NEW LONDON, Conn. - The recorder returns to its former place of glory Feb. 26 with a special onStage at Connecticut College performance by the Flanders Recorder Quartet at 8 p.m. at John C. Evans Hall. The quartet - made up of world-renowned recorder players Bart Spanhove, Tom Beets, Joris Van Goethem and Paul Van Loey - has played more than 1,500 concerts on five continents.

The group, which has evolved into one of the world's top ensembles, is famous for their unique and rare collection of recorders, which were one of the most important instruments of the Renaissance and Baroque periods. Among other rarities, the quartet boasts 10 recorders copied from the collection of Henry VIII and a 7-foot, 6-inch tall baroque sub-bass recorder.

The Milwaukee Journal-Sentinel praised the group for managing "a startling range of dynamics on instruments that are supposed to have almost none at all."
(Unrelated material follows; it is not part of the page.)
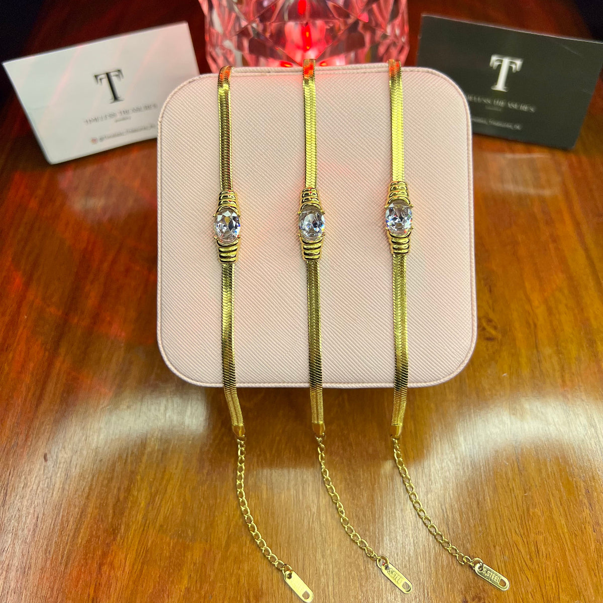 These timeless pieces of 18k Gold Plated jewellery made up with high quality stainless steel are hypoallergenic and Water Proof.
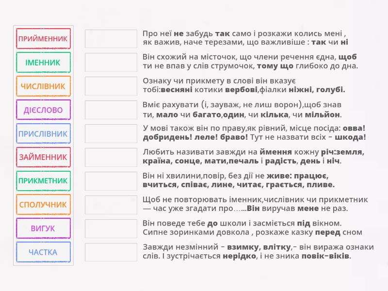 ІМЕННИК - Любить називати завжди на ймення кожну річ:земля, країна, сонце, мати,печаль і радість, день і ніч., ПРИКМЕТНИК - Ознаку чи прикмету в слові він вказує тобі:весняні котики вербові,фіалки ніжні, голубі., ЧИСЛІВНИК - Вміє рахувати (і, зауваж, не лиш ворон),щоб знав ти, мало чи багато,один, чи кілька, чи мільйон., ЗАЙМЕННИК - Щоб не повторювать іменник,числівник чи прикметник — час уже згадати про…...Він виручав мене не раз. , ДІЄСЛОВО - Він ні хвилини,повір, без дії не живе: працює, вчиться, співає, лине, читає, грається, пливе., ПРИСЛІВНИК - Завжди незмінний - взимку, влітку,- він виража ознаки слів. І зустрічається нерідко, і не зника повік-віків., ПРИЙМЕННИК - Він поведе тебе до школи і засміється під вікном. Сипне зоринками довкола , розкаже казку перед сном, СПОЛУЧНИК - Він схожий на місточок, що члени речення єдна, щоб ти не впав у слів струмочок, тому що глибоко до дна., ЧАСТКА - Про неї не забудь так само і розкажи колись мені , як важив, наче терезами, що важливіше : так чи ні, ВИГУК - У мові також він по праву,як рівний, місце посіда: овва! добридень! леле! браво! Тут не назвати всіх - шкода!,

Famous in Early Music circles, the group plays regularly at Early Music festivals from Tokyo and Paris to Helsinki and Mexico City. The quartet has titled the concert "Banchetto Musicale," or literally "musical banquet," a term dating back to the 16th century when dance, music and theater were produced to complement a meal in much the same way as red wine is made to be served with meat and white to be served with fish.

"We hope to tickle your palate with a musical banquet in which we get out our best silver service, recorders of the highest quality in all shapes and sizes, and use them in 1001 different ways. To live up to the title, we're even performing on beer and wine bottles from our own cellars," said Spanhove.

For more information or to purchase tickets, call (860) 439-ARTS, visit or visit the Connecticut College Ticket Office. Tickets to the Flanders Recorder Quartet are $22 for the general public, $20 for seniors and $11 for students.

About Connecticut College

Situated on the coast of southern New England, Connecticut College is a highly selective private liberal arts college with 1900 students from all across the country and throughout the world. On the college's 750-acre arboretum campus overlooking Long Island Sound, students and faculty create a vibrant social, cultural and intellectual community enriched by diverse perspectives. The college, founded in 1911, is known for its unique combination of interdisciplinary studies, international programs, funded internships, student-faculty research and service learning.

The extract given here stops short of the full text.